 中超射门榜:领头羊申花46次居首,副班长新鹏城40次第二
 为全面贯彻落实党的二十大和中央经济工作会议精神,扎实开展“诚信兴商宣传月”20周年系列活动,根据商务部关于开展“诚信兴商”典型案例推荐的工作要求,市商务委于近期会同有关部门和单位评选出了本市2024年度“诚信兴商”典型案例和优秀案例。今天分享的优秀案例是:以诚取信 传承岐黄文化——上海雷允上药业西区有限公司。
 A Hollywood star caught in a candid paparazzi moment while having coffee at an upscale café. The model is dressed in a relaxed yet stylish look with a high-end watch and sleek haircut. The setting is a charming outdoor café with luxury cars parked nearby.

────────────────────

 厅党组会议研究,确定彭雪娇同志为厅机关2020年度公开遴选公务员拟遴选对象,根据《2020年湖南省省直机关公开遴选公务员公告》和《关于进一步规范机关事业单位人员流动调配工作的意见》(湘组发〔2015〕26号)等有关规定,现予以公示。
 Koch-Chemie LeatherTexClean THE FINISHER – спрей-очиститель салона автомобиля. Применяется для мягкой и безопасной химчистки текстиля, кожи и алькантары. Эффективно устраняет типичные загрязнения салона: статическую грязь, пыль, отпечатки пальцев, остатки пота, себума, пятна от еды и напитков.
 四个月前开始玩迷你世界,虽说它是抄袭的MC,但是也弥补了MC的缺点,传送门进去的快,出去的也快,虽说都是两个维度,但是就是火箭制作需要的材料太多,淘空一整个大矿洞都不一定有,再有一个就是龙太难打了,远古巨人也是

────────────────────

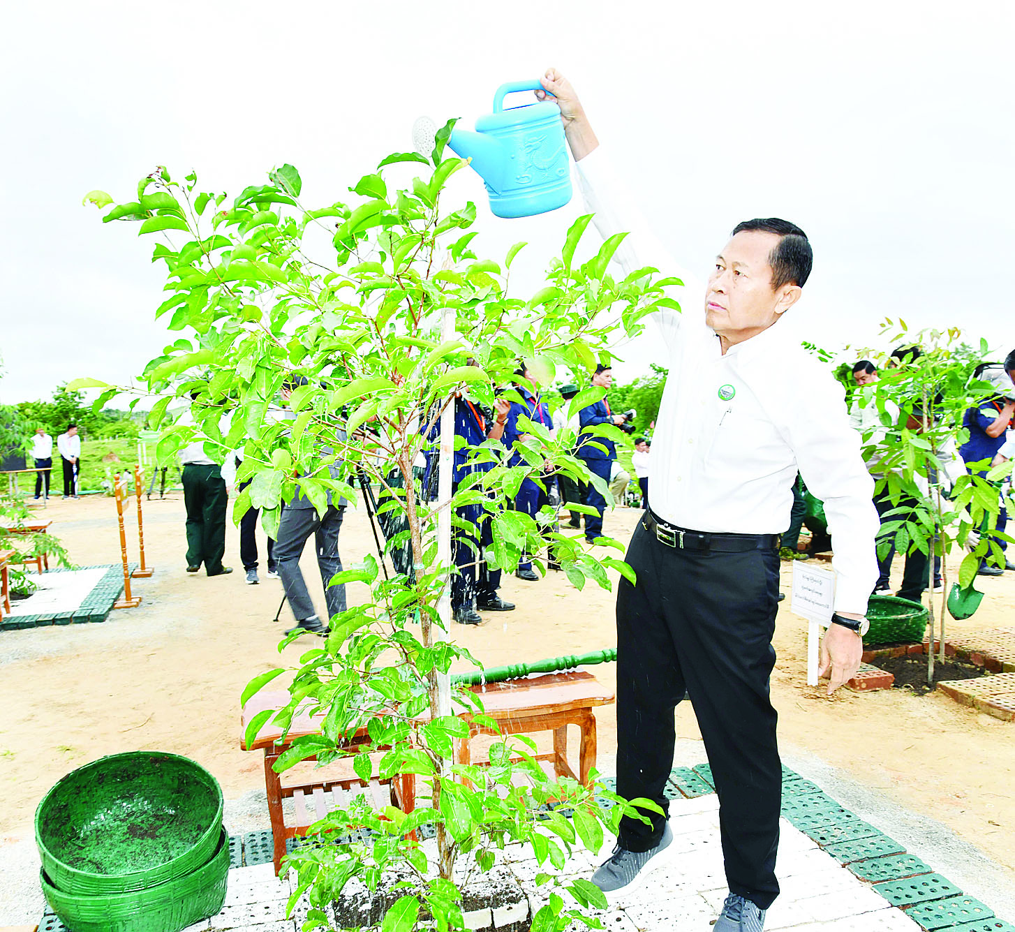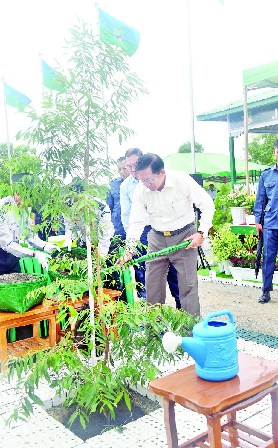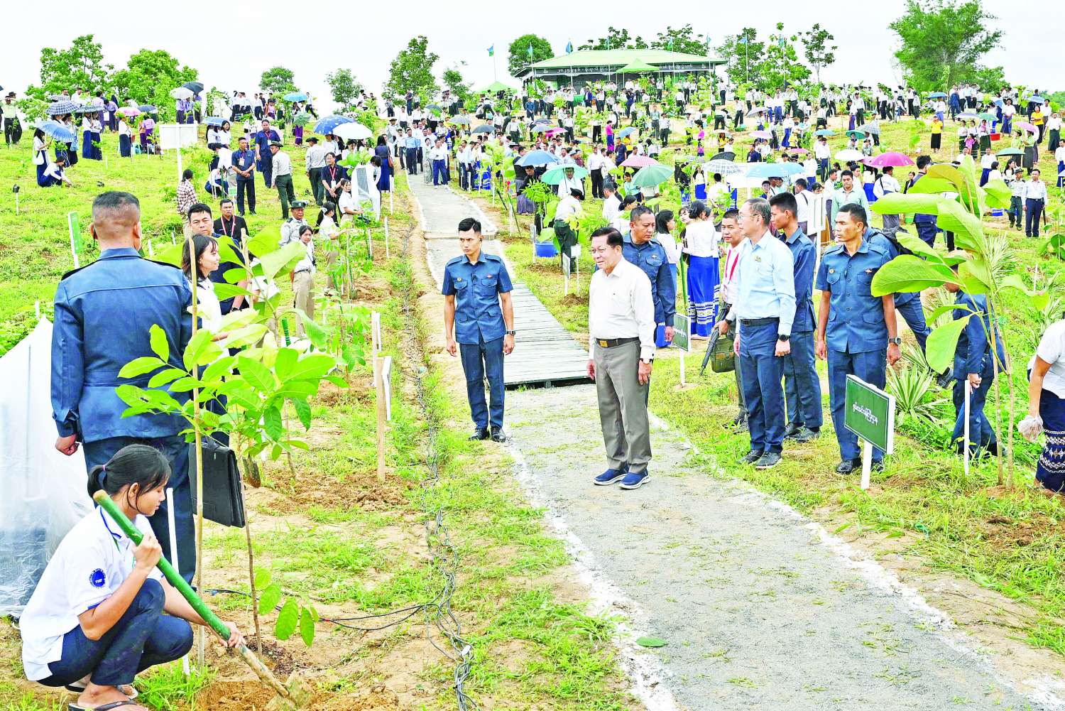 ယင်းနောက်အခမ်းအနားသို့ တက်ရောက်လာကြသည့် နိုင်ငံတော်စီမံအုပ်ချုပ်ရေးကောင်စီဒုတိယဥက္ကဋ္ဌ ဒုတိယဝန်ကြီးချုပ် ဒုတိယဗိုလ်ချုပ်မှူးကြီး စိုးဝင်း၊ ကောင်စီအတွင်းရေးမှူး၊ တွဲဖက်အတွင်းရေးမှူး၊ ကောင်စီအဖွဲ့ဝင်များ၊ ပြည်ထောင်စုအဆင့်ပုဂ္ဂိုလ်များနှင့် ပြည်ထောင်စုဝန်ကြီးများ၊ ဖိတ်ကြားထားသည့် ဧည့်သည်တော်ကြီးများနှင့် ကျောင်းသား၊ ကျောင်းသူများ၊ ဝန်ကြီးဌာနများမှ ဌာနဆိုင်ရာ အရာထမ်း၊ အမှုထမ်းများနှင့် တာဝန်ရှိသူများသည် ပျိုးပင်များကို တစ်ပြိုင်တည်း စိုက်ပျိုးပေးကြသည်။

────────────────────

## TASK PROMPT
Look above for the line with "为全面贯彻落实党的二十大和中" and the line with "A Hollywood star". Retype those two lines and every line between them exactly, adding nothing.

## ANSWER SPACE
 为全面贯彻落实党的二十大和中央经济工作会议精神,扎实开展“诚信兴商宣传月”20周年系列活动,根据商务部关于开展“诚信兴商”典型案例推荐的工作要求,市商务委于近期会同有关部门和单位评选出了本市2024年度“诚信兴商”典型案例和优秀案例。今天分享的优秀案例是:以诚取信 传承岐黄文化——上海雷允上药业西区有限公司。
 A Hollywood star caught in a candid paparazzi moment while having coffee at an upscale café. The model is dressed in a relaxed yet stylish look with a high-end watch and sleek haircut. The setting is a charming outdoor café with luxury cars parked nearby.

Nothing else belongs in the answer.